The Conservatives used to urge people to look to Ireland to see how to organise business taxes. And until a year ago, the Celtic Tiger was enjoying a boom. Its low corporation tax regime attracted computer giants like Dell and Intel to base their European operations there. Incomes which used to be on a par with the poorest in Europe outstripped those in most other countries. Dublin, a sleepy backwater when I emigrated in 1983, joined Prague as the city break of choice. And house prices went through the roof as the owners of humble Dublin cottages found themselves sitting on a goldmine.
Such was Ireland’s success that its low-tax regime attracted admirers as diverse as John Redwood, who in 2007 told the British government to look across the Irish Sea to see how to run an economy, and the Scottish first minister Alex Salmond, who chose it as his model for an independent Scotland. ‘The UK is falling behind more successful economies like Ireland and the US,’ Redwood declared. ‘Ireland has shown just how quickly a rich country can grow if you set low tax rates, with a growth rate three times that of the UK, despite the expensive EU regulations.’ As recently as February 2008, Salmond wanted to emulate Ireland to become a ‘Celtic lion’.
Curiously, these new Hibernophiles have gone quiet of late. Ireland has been affected by the credit crunch much more harshly than Britain: its construction industry has collapsed along with house prices. The big multinationals are moving out. Yet the hapless Irish Taoiseach Brian Cowen was until recently following the Cameron-Osborne prescription for what to do in a recession almost to the letter. And he felt obliged to do so in large part because of a massive fiscal shortfall as a result of low corporate taxation.

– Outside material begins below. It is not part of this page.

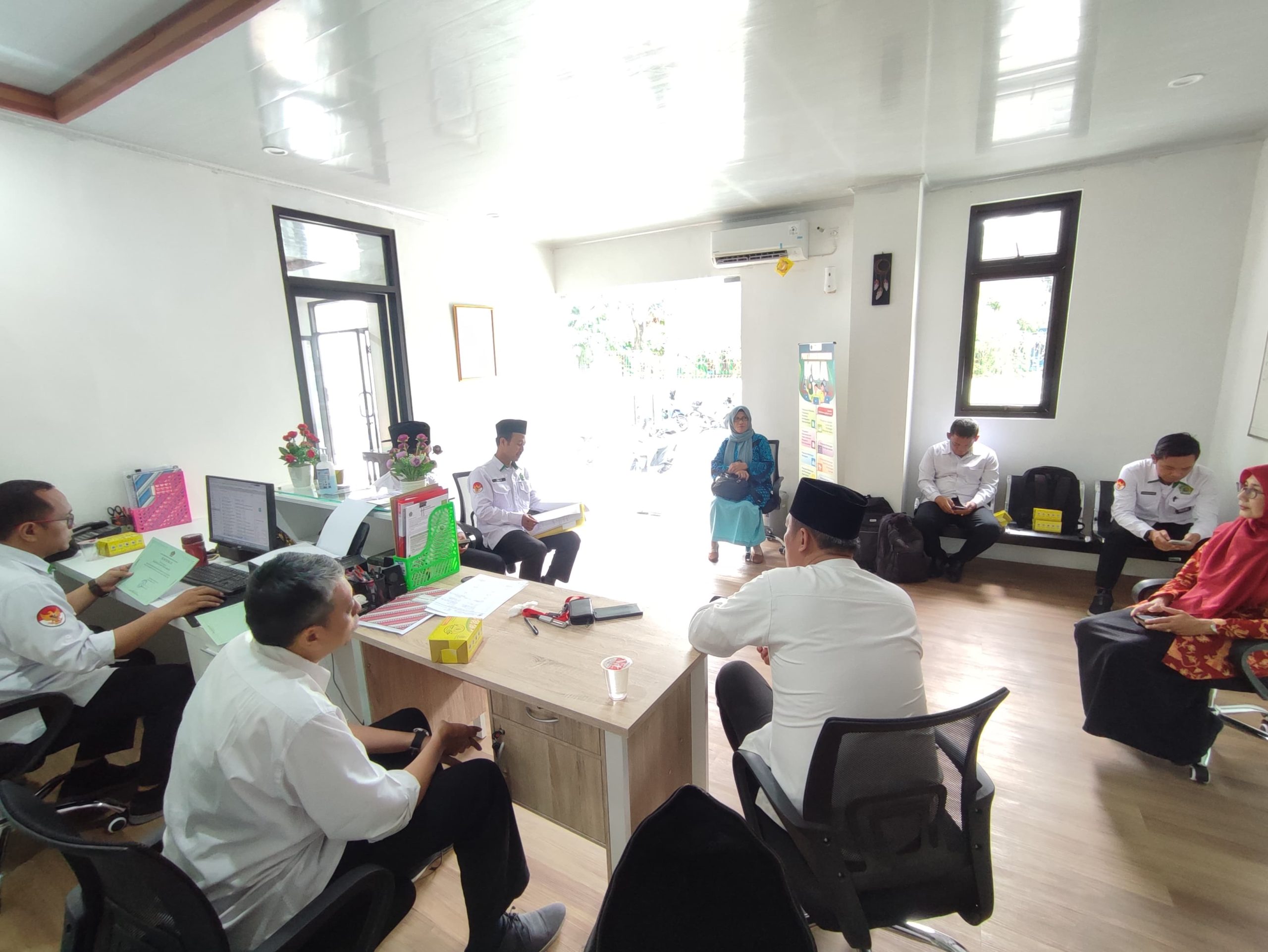 Yogyakarta ( Bimas Islam) : Kasi Bimas Islam Saeful Anwar, S. Ag., M. S. I. Menugaskan Tim monev triwulan lll: Imam Muhtarom, H. Dhewan Suprayoga, M. Arif Wahyudi, Andri Wahyu Sukmono, Muhammad Nasrudin, dan Prayitno pada hari selasa, 8 Oktober 2024 ke KUA Jetis beralamat Jalan Cokrokusuman 786 Jetis Yogyakarta.

Cowen increased VAT when Britain reduced it – VAT is now 21.5 per cent in the Republic compared with 15 per cent in the UK. This has led to a mass exodus to the bargains of Newry, across the border, helped by the sterling exchange rates. Stores like Superquinn, the Irish supermarket chain, laid off workers and closed stores as a result. ‘I have no doubt that the government decision to increase VAT in the October budget, just as VAT was being decreased in Northern Ireland, has been a significant contributing factor in these losses,’ said the Irish Labour party’s enterprise spokesman Willie Penrose.
Although he guaranteed deposits in Irish banks ahead of a similar British guarantee, Cowen delayed a bank bailout proper until February, something which contributed to unemployment rising above 9 per cent (it is just over 5 per cent in the north even with bad figures in February) and expected to touch 14 per cent before year end. When the bailout for Allied Irish Bank and Bank of Ireland came, it did, to be fair, include some strict requirements about lending to Irish firms and homeowners attached. But it was too late to prevent scores of company closures – with computer giant Dell moving to Poland – and lengthening dole queues.
And a huge deficit has led Cowen to slash public spending. The take-home pay of civil servants is being cut with a pension levy of up to 9.6 per cent on their gross earnings (though it will attract tax relief). While popular with those who have felt government spending has got out of control, it has been accompanied by less popular cuts in childcare, special needs teachers, new schools and class sizes. The government even tried to withdraw free medical care from the over 70s until a national outcry forced a U-turn.
All these changes are draining money out of the Irish economy at a time when a stimulus is badly needed. Needless to say, Fianna Fail, Cowen’s governing party, has never been more unpopular. Only 14 per cent of people are satisfied with the government, according to a recent Irish Times poll, and Fianna Fail has been pushed into third place behind Fine Gael and Labour for the first time in its history.
So Gordon Brown should stop calling the Tories the ‘do nothing’ party. He should instead spell out exactly what their prescription has meant for Redwood’s favourite low-tax economy.